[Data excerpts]
------------------------------------------------------------
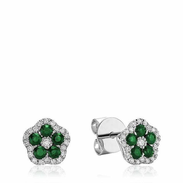 0.46 Carat TW Emerald Diamond Halo Stud Earrings in 10kt White Gold
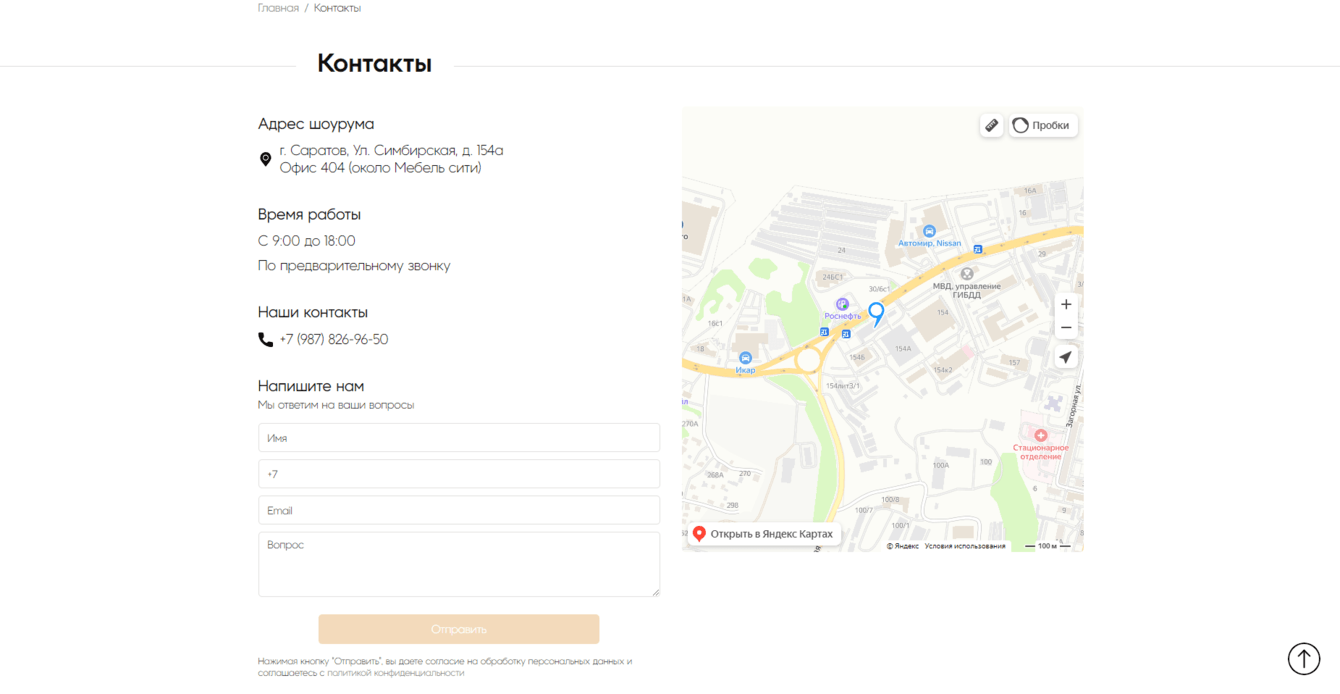 - Страница "Контакты", где пользователи могут ознакомиться с контактной информацией или оставить заявку для связи.
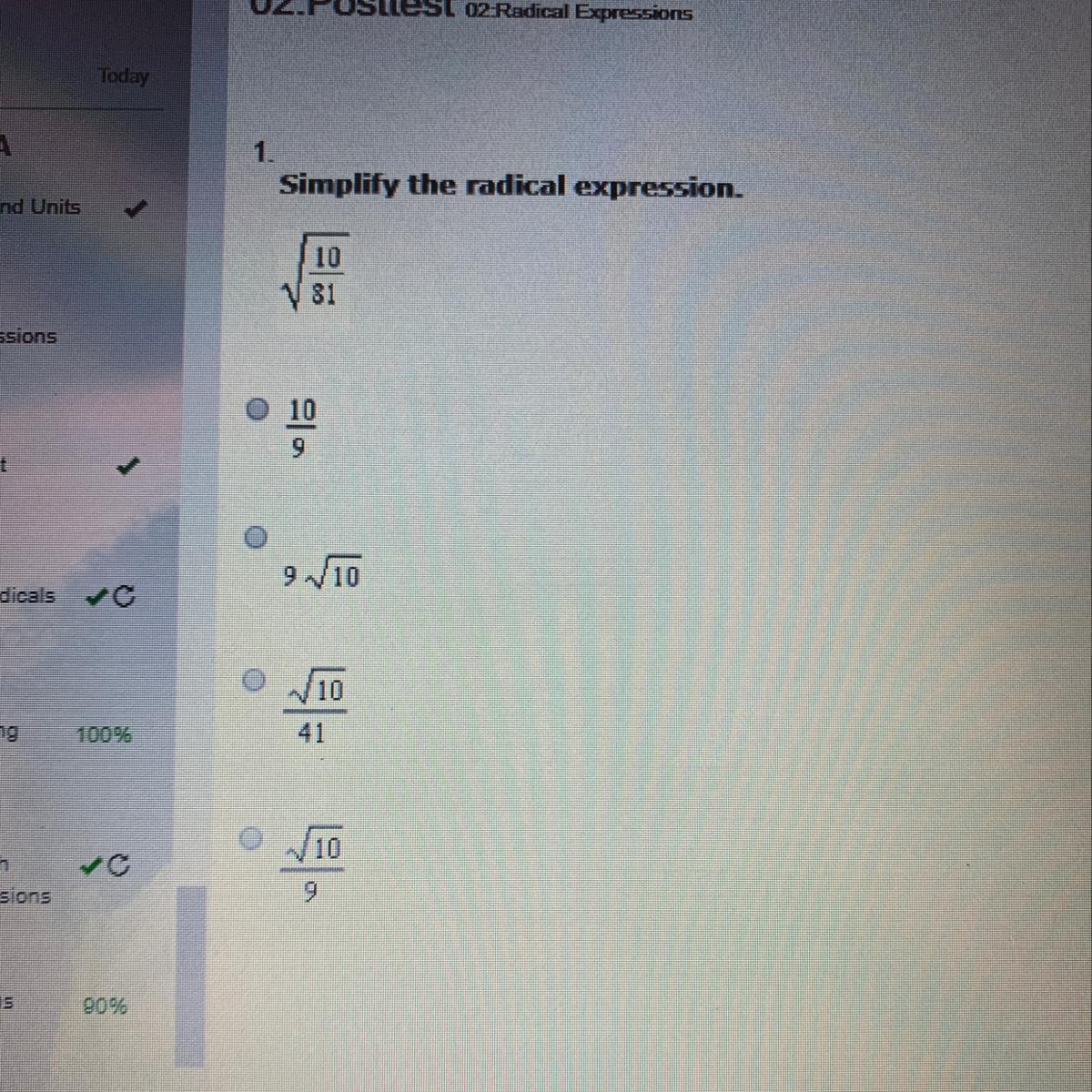 \frac{\sqrt{10} }{\sqrt{81} }=\frac{\sqrt{10} }{9}
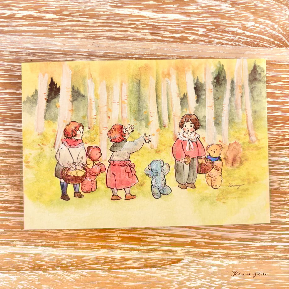 Three Kids in Autumn Woods - Krimgen postcard
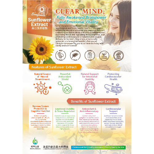 Carefully selected sunflower extract supports neurological and brain health from four key angles: enhancing neurotransmission and cognitive function, combating oxidative stress and chronic inflammation, stabilizing mood and regulating stress response, and promoting cardiovascular circulation and oxygen delivery to the brain. Stay sharp, emotionally balanced, and energized amidst a fast-paced lifestyle—empowering you to achieve each day with clarity and confidence!
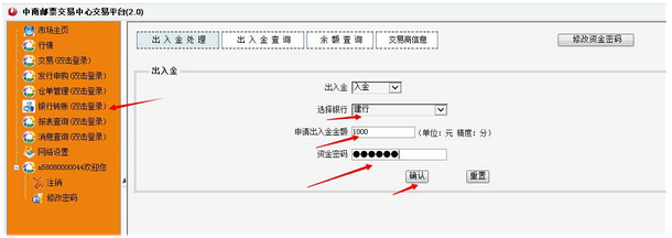 3、银行转账界面(鼠标双击银行转账,选择开户绑定的银行:建行、工行或招行,输入要转入的金额和您设置的资金密码,点击确认。从银行转入中南交易中心账户,选择入金;从中南交易中心账户转出到银行,选择出金)
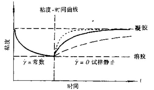 粘度随剪切的时间下降达到最低值(“溶胶”状态),静止后结构恢复,最后恢复到凝胶状态,但恢复需要的时间长得多
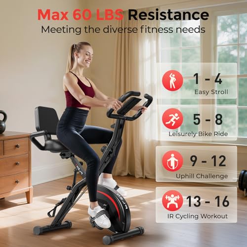 5 IN 1 DESIGN: Foldable exercise bike combines multiple exercise modes in one, supporting high intensity fat burning, low intensity stretching and strength training. Equipped with resistance bands for rowing and stretching. You can easily realize all-round workout goals at home.
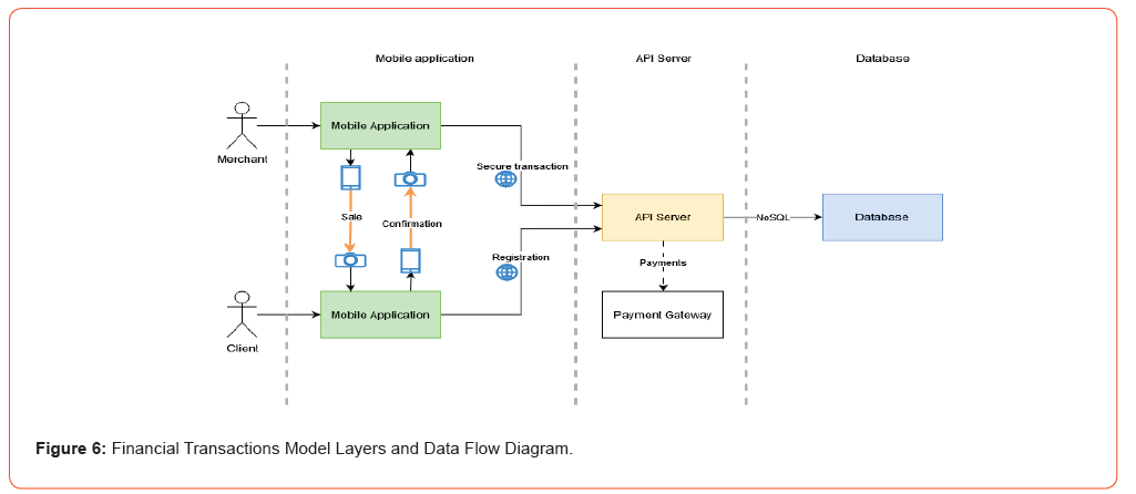 The Financial Transactions Model (FTM) has been designed based on three layers, which are the mobile application, Application Programming Interface (API) server, and the database, see Figure 6 [24]. The mobile application layer is used to make transactions for both the client (payer) and the merchant (trader) actors [25]. The API server layer is used to manage the application functionality and make the required database queries using NoSQL database engine, and the NoSQL database layer stores transactions and users’ data [26-28].
------------------------------------------------------------
◆ **WHAT YOU HAVE TO DO**
Above are some records. Output exactly the lines from the one that contains "заявку для связи." to the one that contains "Three Kids in", keeping both, and omit the pictures.

◆ **OUTPUT OF THE EXERCISE**
 - Страница "Контакты", где пользователи могут ознакомиться с контактной информацией или оставить заявку для связи.
 \frac{\sqrt{10} }{\sqrt{81} }=\frac{\sqrt{10} }{9}
 Three Kids in Autumn Woods - Krimgen postcard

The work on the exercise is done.